Mais comment Voltalis, si rien n’est facturé au particulier, y retrouve-t-elle ses petits ? SuperNo l’explique clairement : "RTE (l’organisme public qui gèrer le réseau d’électricité, sans le droit de la vendre, depuis la scission de l’entité EDF requise par l’ouverture à la concurrence, Nda) rémunère Voltalis quand elle fait diminuer la consommation à certaines périodes. En effet, au moment des pics de consommation, RTE est obligé d’acheter de l’électricité “sur le marché”, au moment où elle est la plus chère. C’est là qu’intervient Voltalis, qui coupe donc au moment opportun (pour lui, pas forcément pour le client) le chauffage de ses “clients cobayes” pendant 15 à 30 minutes, évitant ainsi à RTE d’acheter de l’électricité au prix fort, et pouvant éviter de devoir démarrer une ultra-polluante centrale à charbon ou à gaz". A nouveau, tout ça a l’air parfait. Sauf pour... EDF ! Pour l’opérateur, une économie d’énergie revient à une baisse de son chiffre d’affaires.
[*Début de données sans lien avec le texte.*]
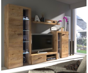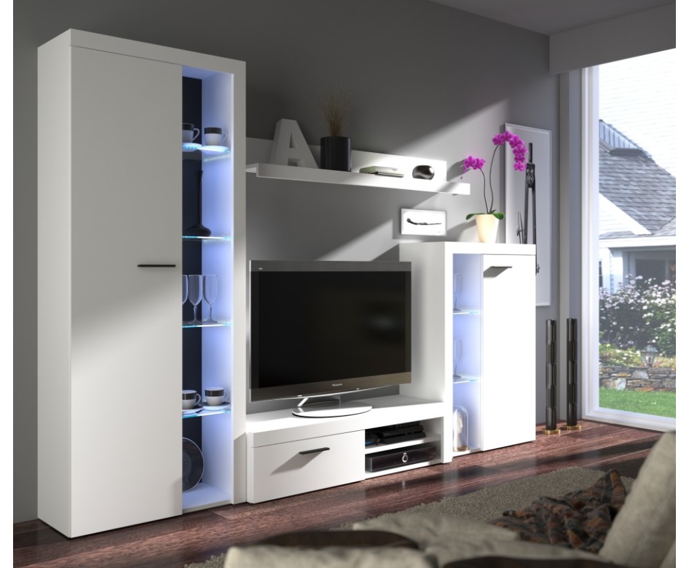 Die 4-teilige Wohnwand ROMBO verleiht Ihrem Wohnzimmer ein modernes Flair, in drei Farbvarianten zur Auswahl. Das Möbelset wird aus der hochwertigen Laminatplatte gefertigt. Zum Set gehören: eine Hochvitrine, eine niedrige Vitrine, ein hängendes Wandregal und ein TV-Schrank.

EDF a donc saisi la Commission de régulation de l’énergie (CRE). Le Parisien raconte la suite : la CRE "vient de donner raison à EDF qui réclamait une « taxe » pour compenser le manque à gagner résultant des économies d’énergie réalisées par les clients de Voltalis. (...) Cette taxe serait de l’ordre de 70 à 80 % des revenus de Voltalis, autant dire une ponction qui pourrait se révéler fatale pour l’entreprise." Et son patron, Pierre Bivas, de s’insurger : "Ceci signifie que, si un ensemble de clients d’EDF acceptent de réduire leur consommation, EDF exige d’être payé comme s’ils avaient consommé ! C’est une décision contraire à la mission de la CRE de servir les intérêts du consommateur, contraire au Grenelle de l’environnement et contraire aux lois du marché car elle constitue une entrave à la concurrence". Précision du Parisien : "Une décision d’autant plus surprenante que le 18 juin, la Ferc, l’équivalent américain de la CRE, encourageait au développement d’un système analogue qui permettrait d’économiser 20% de l’énergie électrique consommée aux heures de pointe. Pierre Bivas ne compte toutefois pas en rester là : "Voltalis se réserve la possibilité de recourir à toutes les voies de droit pour faire rétablir la prééminence des consommateurs sur l’intérêt des fournisseurs, et au-delà de l’intérêt général comme de la protection de notre planète, tous menacés par cette décision."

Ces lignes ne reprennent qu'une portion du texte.